### WHAT TO WORK ON
Write out the records below from the first line through the line containing "A table of Geometric", leaving out any pictures.

### DATA FOR THIS EXERCISE
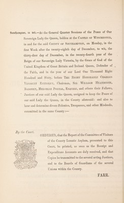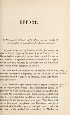 Credit: Report of the Committee of Visitors of the County Lunatic Asylum, at the Epiphany Sessions, 1861 / [Hants County Lunatic Asylum]. Source: Wellcome Collection.
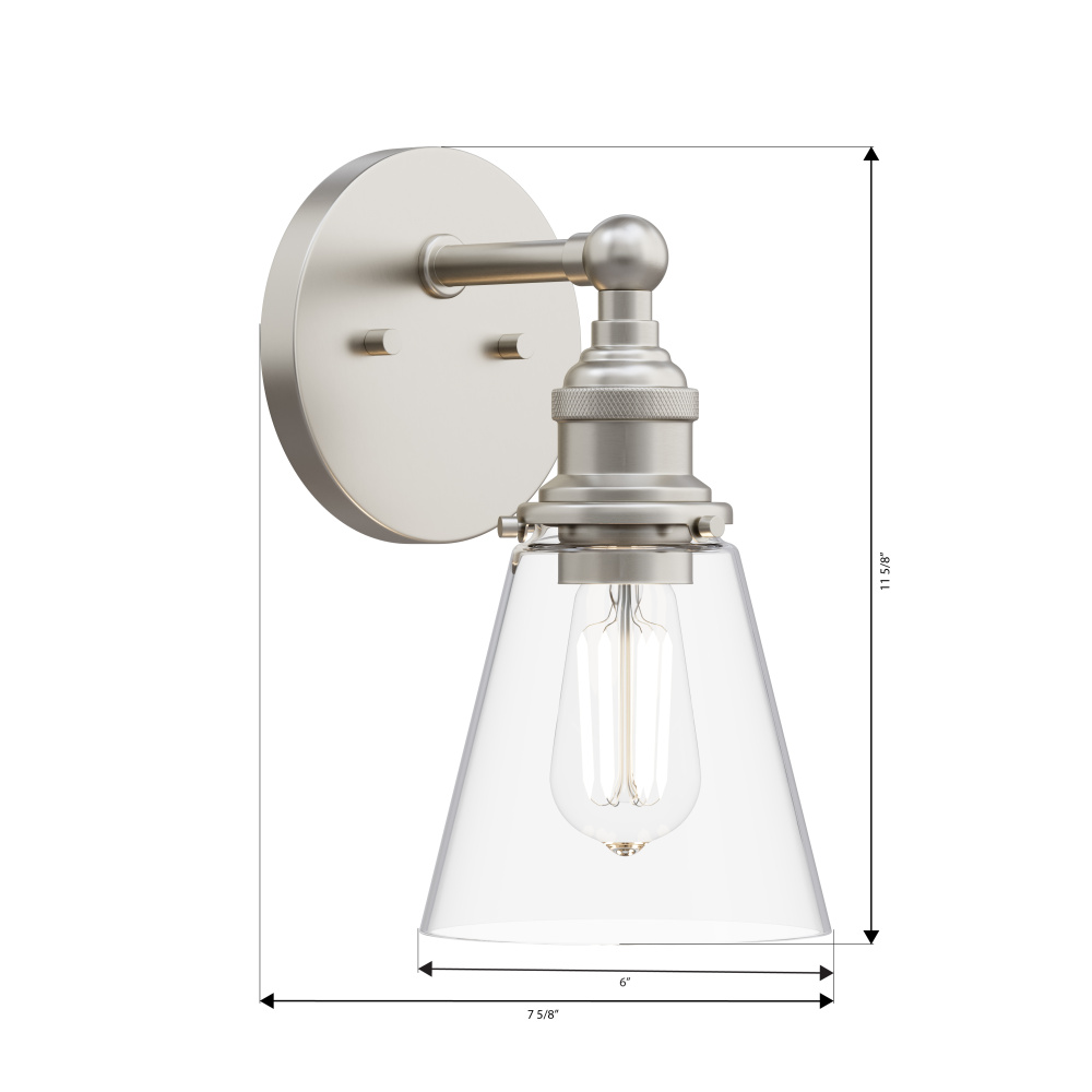 1-Light Bath Sconce - Brushed Nickel with Clear Glass
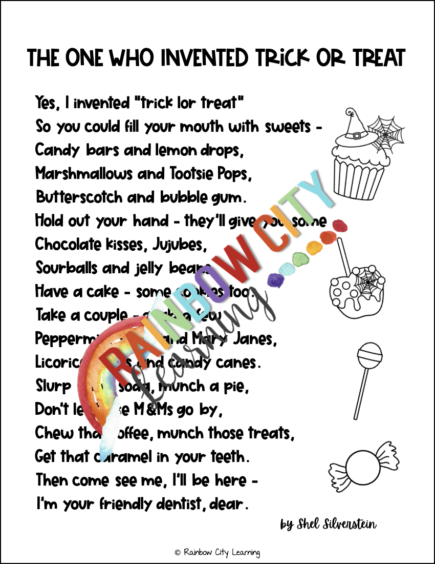 Here's a funny and fun poem for Halloween from Shel Silverstein's book, Every Thing On It. The cute graphics on this page are from the amazing Glitter Meets Glue. You're welcome again!
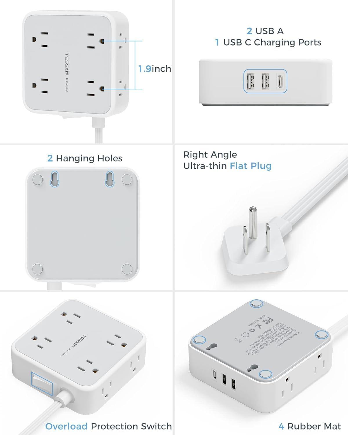 Power Strip with USB C: Dual USB A ports features 2.4A, the USB C port features 3A; 2 types of USB ports can detect charged devices and deliver optimal charging speed, giving you more charging options; idea for USB devices like cell phone, tablet, earphone, etc
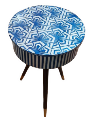 A table of Geometric green and white seashell tray of natural wood covered with mother-of-pearl in blue, green or black with white.
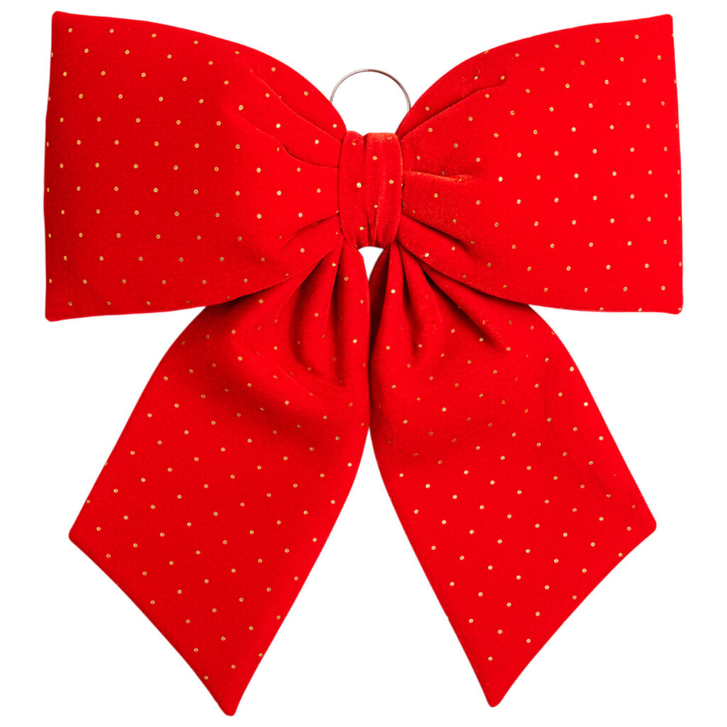 Елегантний червоний оксамитовий бант зі стразами розміром 55х70 см стане виразним акцентом будь-якого святкового оформлення. Яскравий червоний відтінок оксамиту та м’яке свічення страз створюють атмосферу розкоші та урочистості. Бант виконаний із щільного оксамиту з бархатистою текстурою, що надає йому обсягу та форми. Металеве кільце на звороті забезпечує легке та надійне кріплення – на дверях, стінах, вітринах, ялинці або фотозоні. Основні характеристики великого оксамитового банта на ялинку, двері, для декору: Розмір: 55×70 см; Матеріал: оксамит зі стразами; Тип кріплення: металеве кільце; Призначення: вітрин, декор для свят, інтер’єру. Цей оксамитовий бант зі стразами – не просто прикраса, а ефектний акцент, який надасть будь-якому простору святкового та елегантного вигляду. Він підкреслить атмосферу урочистостей і стане стильною деталлю, здатною перетворити інтер’єр одним рухом.
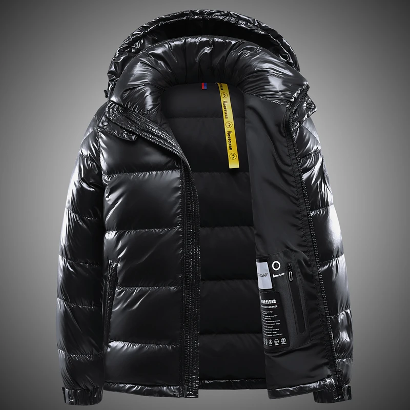 New Men's Winter Black Fashion Cold Warm Jacket Padded Thickened 90% White Duck Down Solid Color Fashion Leisure Jacket
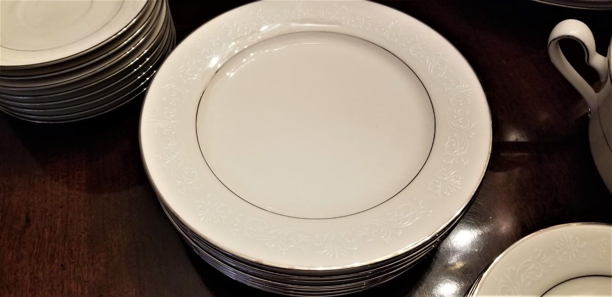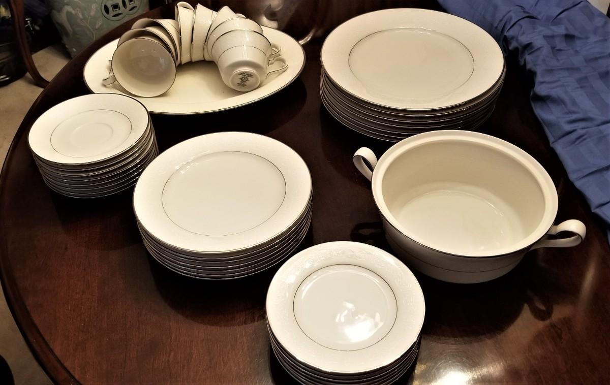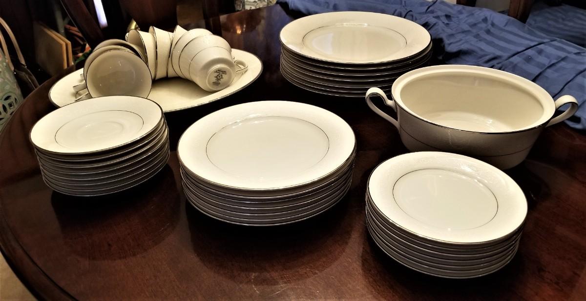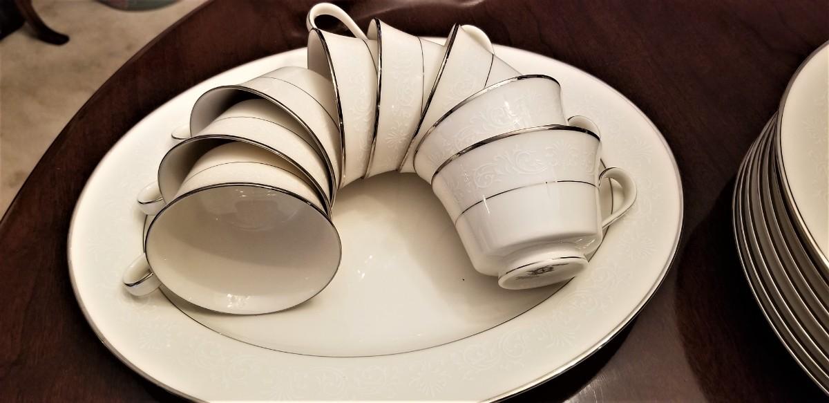 Lot of vintage NORITAKE fine china in the "Marseilles" pattern. You get all you see here: platter, 8 cups/saucers, 7 salad plates, 7 bread/butter plates, 7 dinner plates (10.5" across), vegetable bowl (we found the lid after we took the photos, so it's included), and an additional serving bowl that is also not pictured (found later). Dishes are platinum edged and are an ivory color. All in good condition.

### SOLUTION FOR THIS PROBLEM
 Credit: Report of the Committee of Visitors of the County Lunatic Asylum, at the Epiphany Sessions, 1861 / [Hants County Lunatic Asylum]. Source: Wellcome Collection.
 1-Light Bath Sconce - Brushed Nickel with Clear Glass
 Here's a funny and fun poem for Halloween from Shel Silverstein's book, Every Thing On It. The cute graphics on this page are from the amazing Glitter Meets Glue. You're welcome again!
 Power Strip with USB C: Dual USB A ports features 2.4A, the USB C port features 3A; 2 types of USB ports can detect charged devices and deliver optimal charging speed, giving you more charging options; idea for USB devices like cell phone, tablet, earphone, etc
 A table of Geometric green and white seashell tray of natural wood covered with mother-of-pearl in blue, green or black with white.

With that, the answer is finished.